A wet but welcoming sight!
I unceremoniously slept through the entire train ride from Dublin to Waterford, which made me feel like I was teleported to a new southern Irish city. My mother was visiting for the long weekend, and we decided on Waterford for its Viking past and scenic nature routes. As we stepped off the train, I realized I hadn’t missed much because, according to my mother, it had been pouring rain the entire ride down. It was also still early in the morning, and because we got on the train before sunrise it was still fairly dark. Upon first impressions of the city, I realized how tiny and tucked away the train station was compared to everything else; it was the only building of significance on the northern side of the river and was nestled right up against a towering hillside.

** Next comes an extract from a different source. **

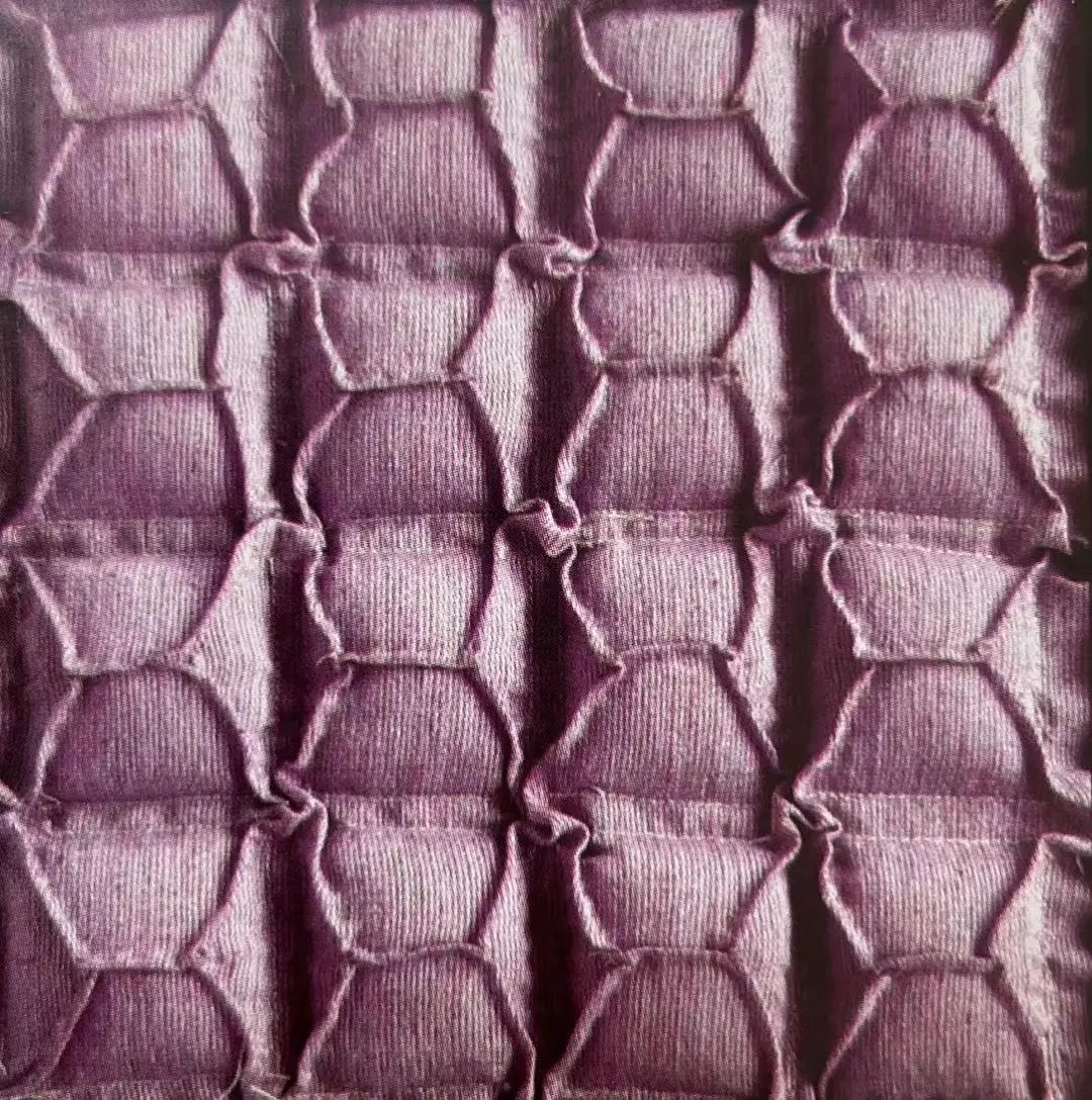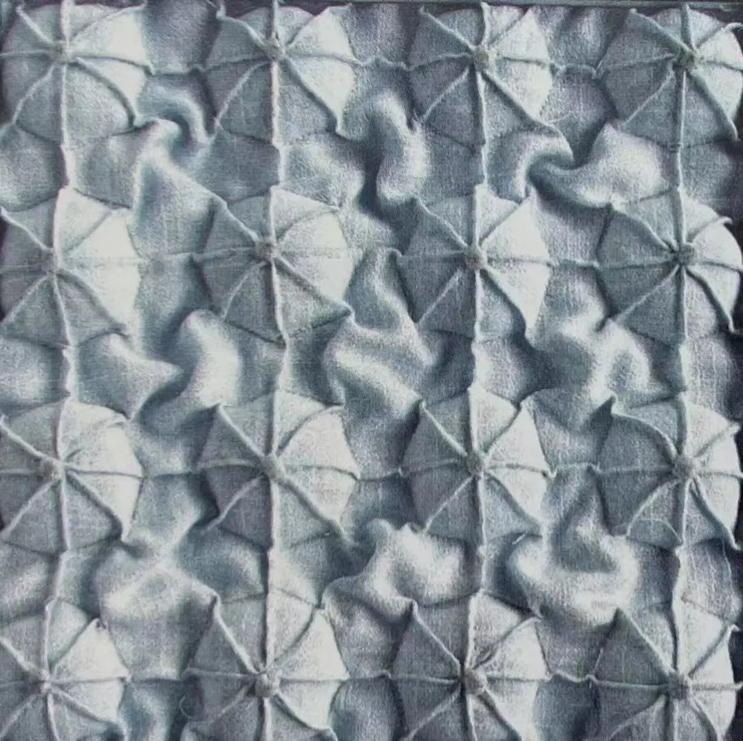这组创意面料作品所使用的工艺都是绗缝的方法。设计师在工艺实验后,认为第一幅面料的效果很有趣,联想到中式建筑的屋顶,于是着手收集各种建筑的造型,从中选出几款各国著名建筑的图片,通过绗缝工艺来表现这组建筑物的屋顶造型。

A lone bridge connected the station to the city over the River Suir, which we traversed in a taxi to get to our bed and breakfast.


The view from the Bed and Breakfast, the first picture being directly from the lounge and the second from an adjacent field. An awesome view from the southeastern part of the city and River Suis!
Samuel’s Heritage Bed and Breakfast was a short 20-minute drive away from the station and located between the river and the seemingly endless Irish countryside. As we approached the building, the owner of the B&B’s dog, Remy, came running up to us begging for cuddles. After petting Remy until he was satisfied, we got to our room and unpacked all our items. Since this whole trip was more of a last-minute excursion, we did not make any concrete plans beforehand. At the time, it was late enough in the morning that most places had stopped serving breakfast, but it was still not quite time for lunch. Thankfully, after some time searching on Google, the Mount Congreve Gardens offered us something to do along with being the only place open and still serving food.

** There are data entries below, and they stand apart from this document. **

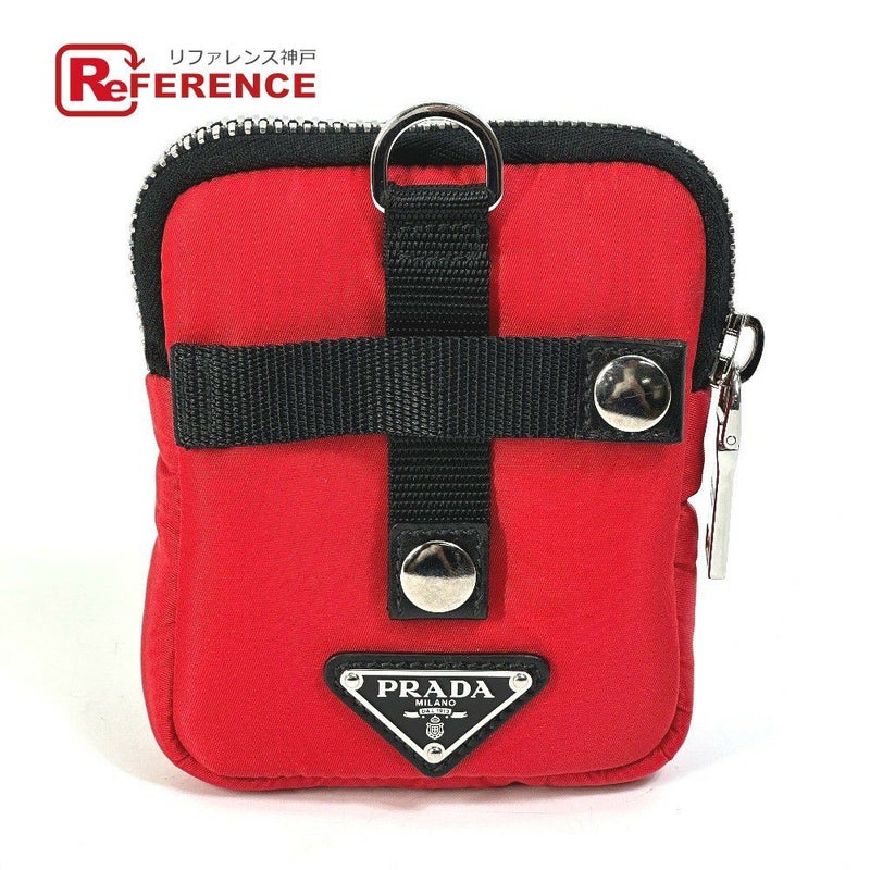 【美品】プラダ 赤色 PRADA プラダ 2NA026 トライアングルロゴ 三角ロゴ プレート TESSUTO SOFT バイカラー ポーチ ナイロン メンズ レッド 【中古】
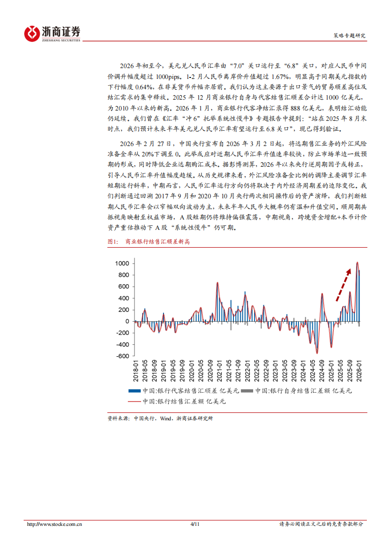 (2)2020年10月10日:中-美国债为正利差,外资增配叠加国内经济先于海外口 央行外汇风险准备金率调降影响展望复苏下的盈利改善,汇率明显升值,A股亦处于牛市周期。宣布日-2022年2月25日,美元兑人民币离岸汇率由6.68运行至6.31。A股短期震荡后,中期继续走牛。宣布日-2021年2月18日,上证指数区间涨幅为14.21%。2026年初至今,美元兑人民币汇率由“7.0”关口运行至“6.8”关口,对应人民币中间价调升幅度超过1000pips。1-2月人民币离岸价升值超过1.67%,明显高于同期美元指数的下行幅度0.64%,在非美货币升幅亦居前。我们认为这主要源于出口景气的贸易顺差高位及结汇需求的集中释放。2025年12月商业银行自身与代客结售汇顺差合计达1000亿美元,为2010年以来的新高。2026年1月,商业银行代客净结汇录得888亿美元,表明结汇动能仍延续。我们曾在《汇率“冲6”托举系统性慢牛》专题报告中提到:“站在2025年8月末时点,我们预计未来半年美元兑人民币汇率有望运行至6.8关口”,现已得到验证。
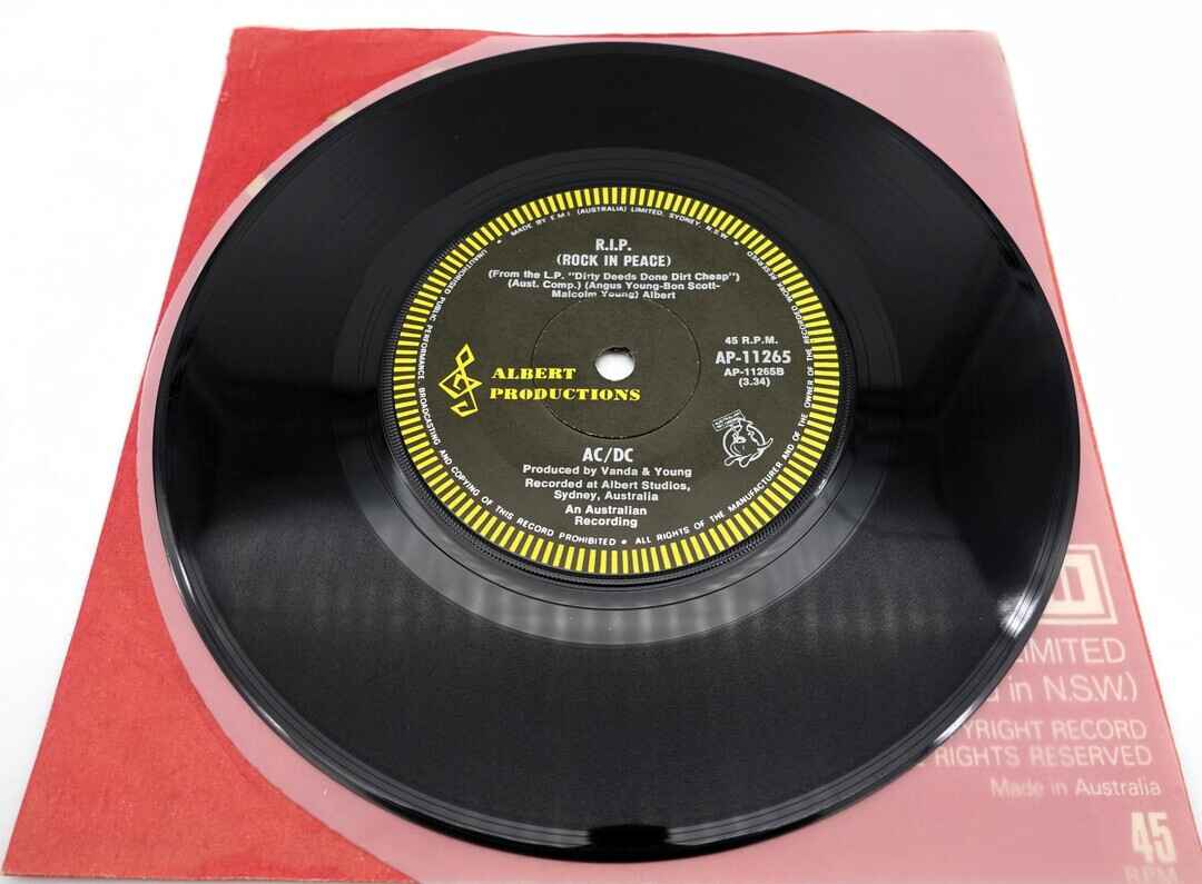 AC/DC Dirty Deeds / R.I.P. (Rock In Peace) 7″ 1977 A-Label Promo Press
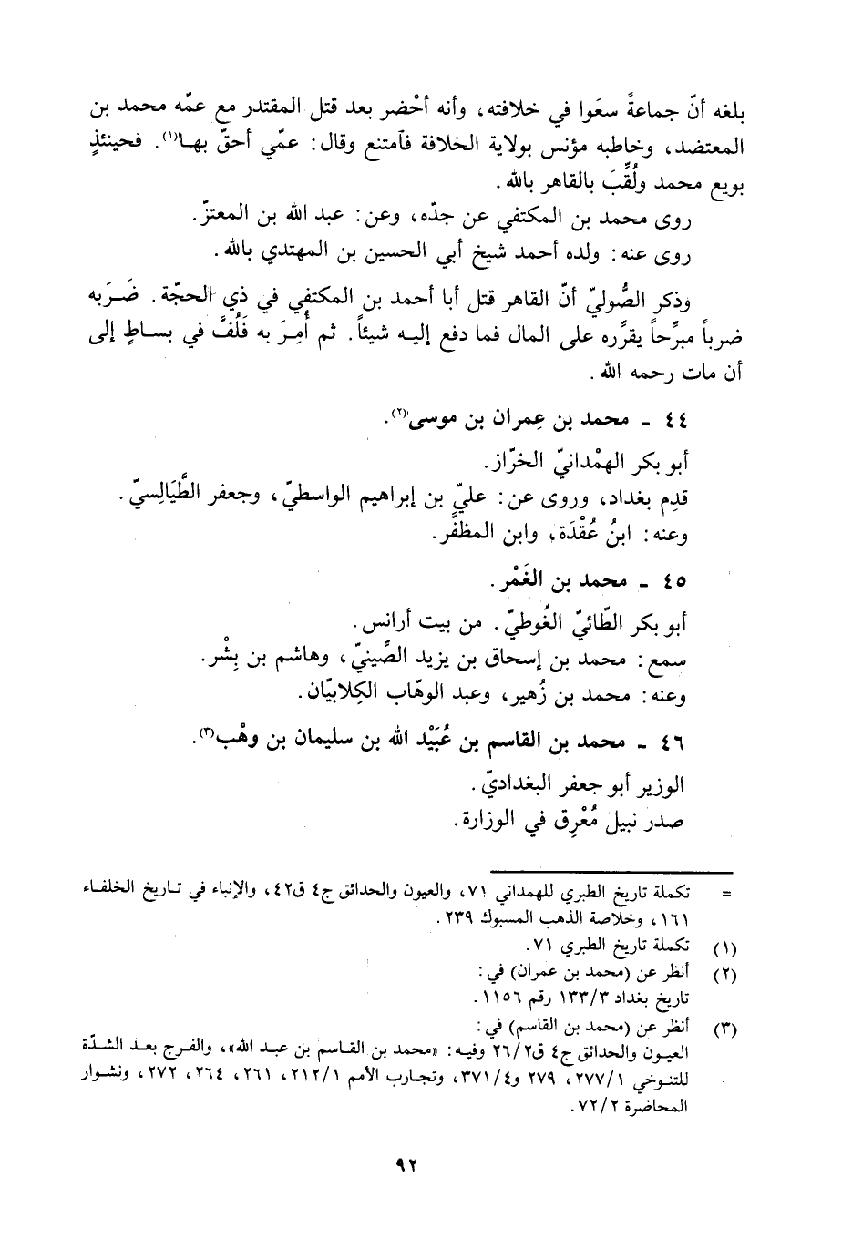 [ (-) ] تكملة تاريخ الطبري للهمداني 71، والعيون والحدائق ج 4 ق 42، والإنباء في تاريخ الخلفاء 161، وخلاصة الذهب المسبوك 239.

The mansion and gardens were very clean; however, what was not shown was the road up to the destination, which was muddy and in the process of being paved.
We took another 20-minute taxi to the gardens where we were greeted with an ornate white mansion. On the east wing of the house, there was a gift shop and cafe. My mother and I got there just in time for the final orders of breakfast, so we both ordered eggs and toast. Outside the window, a rainbow appeared among the Halloween decorations as we dug into our first meal in over twelve hours.

After the floods comes a rainbow, followed by more rain.
The garden itself was majestic. The multitude of tree varieties, the fall colors, the exotic structures, and a sturdy children’s playground (I say that because it was able to hold my weight) made the nearly two-and-a-half-hour walk feel like no time at all. The moss on the trees allowed for all sorts of plants to grow inside the tree’s bark, which added to the beauty of the surroundings. Snails and white slugs greeted us at every stop. The sights were marvelous: A Japanese pagoda surrounded by meticulously placed ferns could be seen from a bridge that also overlooked the river and a small train line. The first walkthrough of the garden would have been picture-perfect if it weren’t for the torrential downpour that took us by surprise toward the end.







I had a great time taking up-close pictures in the garden!
As the rain passed, we made our way back to the gift shop and asked around for directions on how to get back. We did not have reliable cell service, and the gardens were far enough away from the city that ordering a taxi would take exorbitantly long. After around 25 minutes of hearing about different methods of transportation around the city from the gift shop employee, a local overhearing our conversation offered for us to hitch a ride with her. And so, we left the Gardens in a very nice stranger’s car, free of charge, to our bed and breakfast where we would plan our next adventure.